Lady be praised for Beltane: after Yule, the singing-est of holidays. Winter's finally over: the spring peepers are singing, the birds are singing, and so are we.

Forthwith, nine songs that it wouldn't be Beltane without. Really, we all should know them all.

 

Hal an Tow

If Beltane has an anthem, Hal an Tow is it. This English folk classic—Shakespeare even cites it—has a million different covers, but the hottest, sexiest, rocking-est of them all has got to be the Oyster Band version.

As for the title: yes, haul means “Sun” in Welsh, but there's no need to go looking that far. “Heel and toe”: it's a dance song.

So get up and dance, already.

Padstow Morning Song

Also known as Unite and Unite and The Merry Morning of May, this carol from the Cornish village of Padstow is yet another indispensable May folk classic, with some surprising depths: it's one of the few May songs to treat—inter alia—with war and death.

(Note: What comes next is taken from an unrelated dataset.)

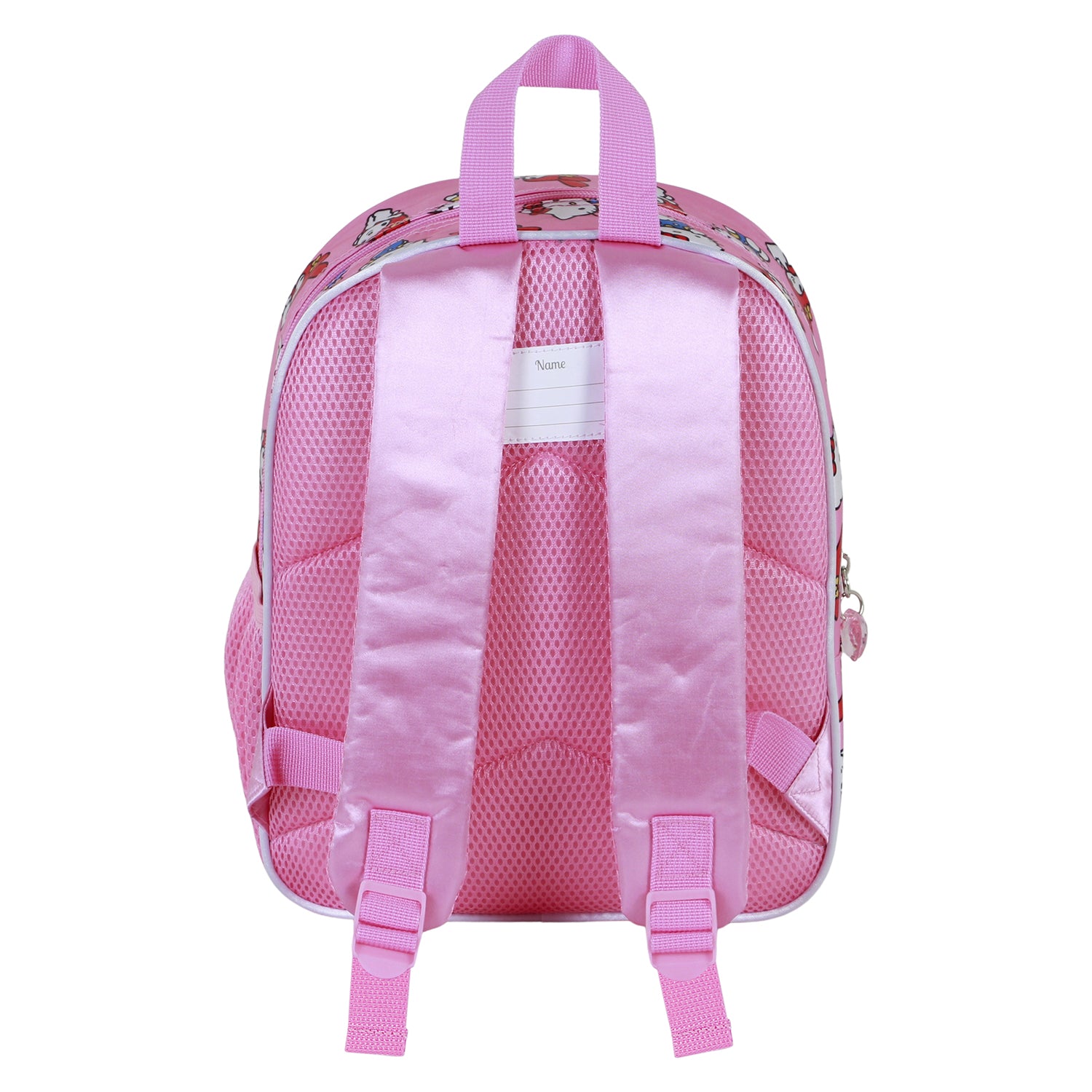 Mochila preescolar con un único compartimento. Diseño con relieve frontal y un bolsillo lateral de malla. Espalda y correas de hombro acolchadas. Incluye una etiqueta de identificación en la espalda.

It's Beltane and we should all be out in the woods, making merry together. But some of our boys (and—these days—girls) are off fighting someone else's wars.

O where are those young men that now here should dance

(for Summer is a-come unto day)?

O some, they are in England, and some, they are in France,

in the merry morning of May. 

Ever since the beginning of Bush 2's ill-considered Endless War in the Middle East, here in Paganistan we've been singing:

O some are in Afghanistan, and some are in Iraq,

in the merry morning of May.

But doubt not the power of May. The Hobby Horse rises again, and our brave boys (and girls) will come back home, hale and whole.

And let us all say: so mote it be.

Sumer Is Icumen In

Forget the embarrassingly bad update version from Wicker Man: Sumer Is Icumen In is the oldest (circa 1350) song in English to which we have both words and tune, and limns the beauties of Spring incomparably. Really, there's no need for updates: the 700-year old Middle English still reads (and sings) refreshingly comprehensibly.

I'd never understood just what a he-goat farting had to do with Spring, until an uncle of mine who hunts explained it to me. After a winter diet of bark and dried grass, the deer gorge on fresh greens and they all get diarrhea: a sure sign of Spring.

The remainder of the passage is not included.